Task brief => Return the listing below verbatim. Pictures do not belong in the copy.

Source material =>

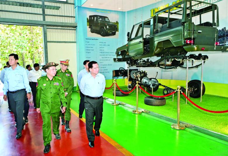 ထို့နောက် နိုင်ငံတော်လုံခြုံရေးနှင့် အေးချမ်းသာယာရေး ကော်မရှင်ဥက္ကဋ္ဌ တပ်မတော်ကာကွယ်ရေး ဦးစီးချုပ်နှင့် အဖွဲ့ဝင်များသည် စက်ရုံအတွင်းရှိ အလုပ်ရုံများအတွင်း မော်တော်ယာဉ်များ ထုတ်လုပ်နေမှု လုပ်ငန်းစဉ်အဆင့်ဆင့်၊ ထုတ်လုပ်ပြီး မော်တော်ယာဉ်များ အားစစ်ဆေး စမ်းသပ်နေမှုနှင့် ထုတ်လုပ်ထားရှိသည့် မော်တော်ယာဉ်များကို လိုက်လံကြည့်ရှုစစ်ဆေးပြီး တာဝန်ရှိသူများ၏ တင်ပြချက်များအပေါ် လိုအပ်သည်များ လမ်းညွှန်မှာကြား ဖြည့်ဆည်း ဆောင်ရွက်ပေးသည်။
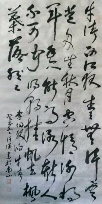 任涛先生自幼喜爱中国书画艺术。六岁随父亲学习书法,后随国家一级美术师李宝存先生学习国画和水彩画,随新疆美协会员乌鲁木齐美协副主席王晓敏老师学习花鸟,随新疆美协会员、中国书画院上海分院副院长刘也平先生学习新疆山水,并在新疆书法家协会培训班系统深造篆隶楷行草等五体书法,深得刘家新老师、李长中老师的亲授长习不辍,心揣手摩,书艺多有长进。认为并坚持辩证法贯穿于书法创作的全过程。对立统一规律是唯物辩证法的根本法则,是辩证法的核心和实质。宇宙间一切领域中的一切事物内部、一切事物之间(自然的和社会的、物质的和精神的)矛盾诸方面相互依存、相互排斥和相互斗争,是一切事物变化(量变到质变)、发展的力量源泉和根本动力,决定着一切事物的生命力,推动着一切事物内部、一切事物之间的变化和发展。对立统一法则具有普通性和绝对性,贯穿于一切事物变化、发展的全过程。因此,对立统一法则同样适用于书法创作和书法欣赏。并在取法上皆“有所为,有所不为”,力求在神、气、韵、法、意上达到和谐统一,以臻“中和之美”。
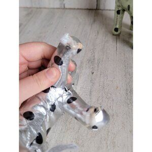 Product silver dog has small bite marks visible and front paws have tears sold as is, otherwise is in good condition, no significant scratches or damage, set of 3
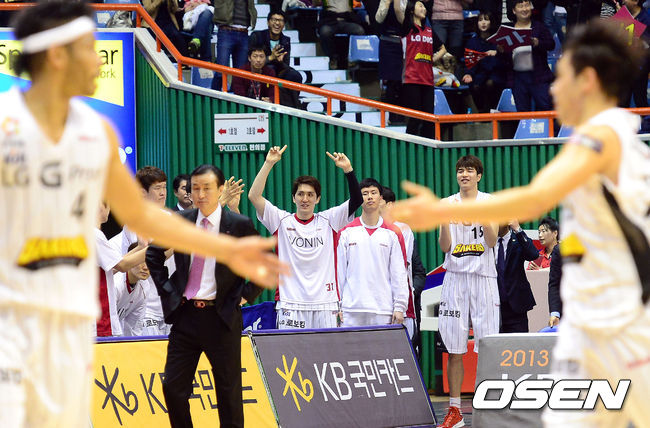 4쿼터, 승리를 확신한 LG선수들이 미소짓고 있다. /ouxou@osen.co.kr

Written answer =>
 ထို့နောက် နိုင်ငံတော်လုံခြုံရေးနှင့် အေးချမ်းသာယာရေး ကော်မရှင်ဥက္ကဋ္ဌ တပ်မတော်ကာကွယ်ရေး ဦးစီးချုပ်နှင့် အဖွဲ့ဝင်များသည် စက်ရုံအတွင်းရှိ အလုပ်ရုံများအတွင်း မော်တော်ယာဉ်များ ထုတ်လုပ်နေမှု လုပ်ငန်းစဉ်အဆင့်ဆင့်၊ ထုတ်လုပ်ပြီး မော်တော်ယာဉ်များ အားစစ်ဆေး စမ်းသပ်နေမှုနှင့် ထုတ်လုပ်ထားရှိသည့် မော်တော်ယာဉ်များကို လိုက်လံကြည့်ရှုစစ်ဆေးပြီး တာဝန်ရှိသူများ၏ တင်ပြချက်များအပေါ် လိုအပ်သည်များ လမ်းညွှန်မှာကြား ဖြည့်ဆည်း ဆောင်ရွက်ပေးသည်။
 任涛先生自幼喜爱中国书画艺术。六岁随父亲学习书法,后随国家一级美术师李宝存先生学习国画和水彩画,随新疆美协会员乌鲁木齐美协副主席王晓敏老师学习花鸟,随新疆美协会员、中国书画院上海分院副院长刘也平先生学习新疆山水,并在新疆书法家协会培训班系统深造篆隶楷行草等五体书法,深得刘家新老师、李长中老师的亲授长习不辍,心揣手摩,书艺多有长进。认为并坚持辩证法贯穿于书法创作的全过程。对立统一规律是唯物辩证法的根本法则,是辩证法的核心和实质。宇宙间一切领域中的一切事物内部、一切事物之间(自然的和社会的、物质的和精神的)矛盾诸方面相互依存、相互排斥和相互斗争,是一切事物变化(量变到质变)、发展的力量源泉和根本动力,决定着一切事物的生命力,推动着一切事物内部、一切事物之间的变化和发展。对立统一法则具有普通性和绝对性,贯穿于一切事物变化、发展的全过程。因此,对立统一法则同样适用于书法创作和书法欣赏。并在取法上皆“有所为,有所不为”,力求在神、气、韵、法、意上达到和谐统一,以臻“中和之美”。
 Product silver dog has small bite marks visible and front paws have tears sold as is, otherwise is in good condition, no significant scratches or damage, set of 3
 4쿼터, 승리를 확신한 LG선수들이 미소짓고 있다. /ouxou@osen.co.kr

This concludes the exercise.